## BRIEF
Extract, word for word, each line from the line holding "Conecte un receptor" through the end of the records. Omit every picture.

## MATERIAL FOR THIS TASK
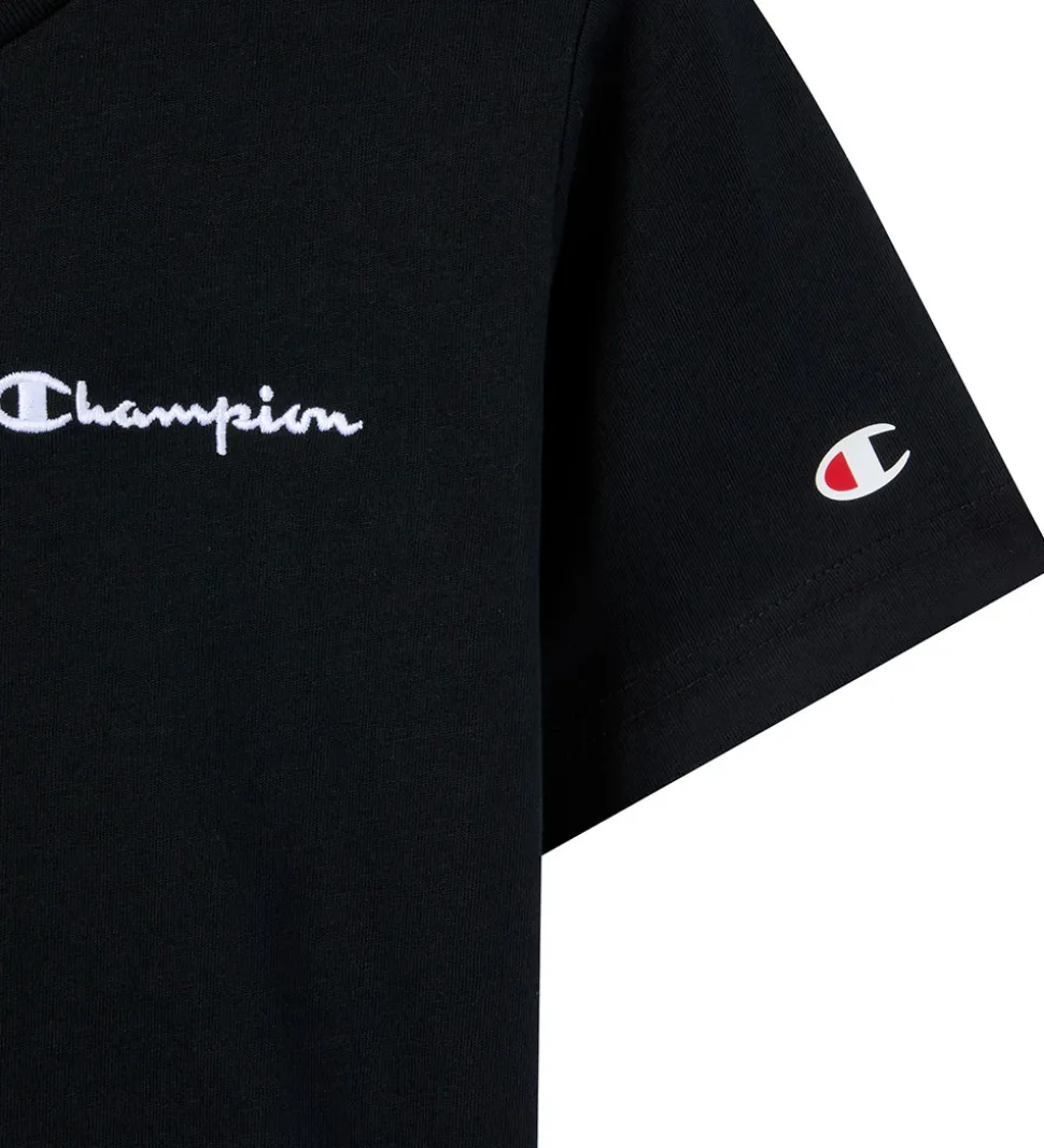 Stilfuld Champion t-shirt i sort. T-shirten har et broderet logo i hvid på venstre bryst. Champion t-shirten har en rund halsudskæring med en smal ribkant og korte ærmer.
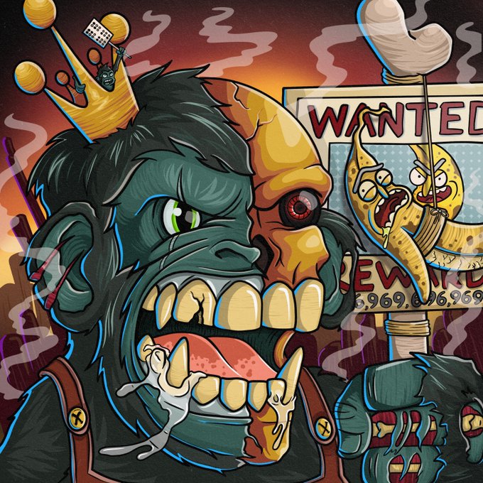 Finally managed to pick up my 3rd OG tonight, some rare traits and a low rank so feels great! He will fit in nicely with all of the Apes, Rotten Bananos & of course my DVDA 🔥 Soo bullish on everything @SrPetersETH and where we are all going! 🚀 @godhatesnftees #godhatesnftees
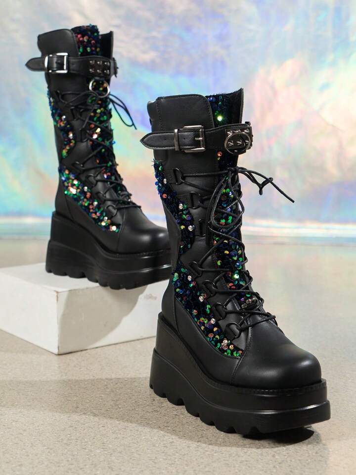 Grunge Punk Women Buckle Decor Contrast Sequin Mid-Calf Boots, Funky Outdoor Fashion Boots
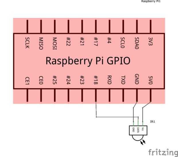 Conecte un receptor IR a su frambuesa Pi como se muestra. Sensor de infrarrojos tiene que conectarse a 3, 3V en lugar de 5V. Nos estamos conectando el pin de datos del sensor IR al Pin 18 del Raspberrty Pi.
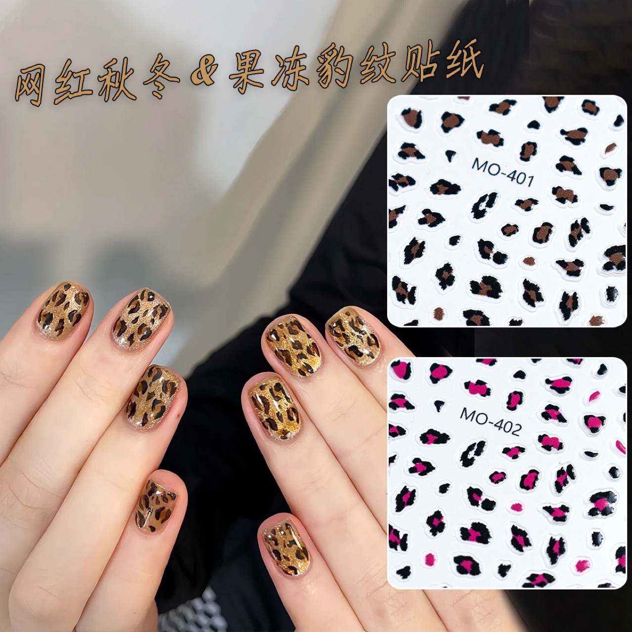 新しいヒョウ柄の爪は紙のネットを貼ります。
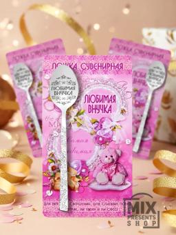 Ложка сувенирная "Любимая внучка" на открытке (чайная)
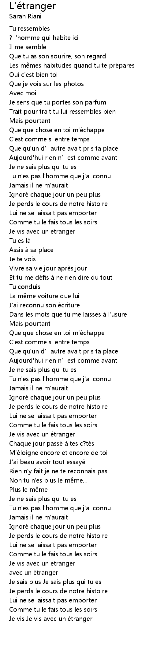 | Song | L'étranger |

## SOLUTION BELOW
 Conecte un receptor IR a su frambuesa Pi como se muestra. Sensor de infrarrojos tiene que conectarse a 3, 3V en lugar de 5V. Nos estamos conectando el pin de datos del sensor IR al Pin 18 del Raspberrty Pi.
 新しいヒョウ柄の爪は紙のネットを貼ります。
 Ложка сувенирная "Любимая внучка" на открытке (чайная)
 | Song | L'étranger |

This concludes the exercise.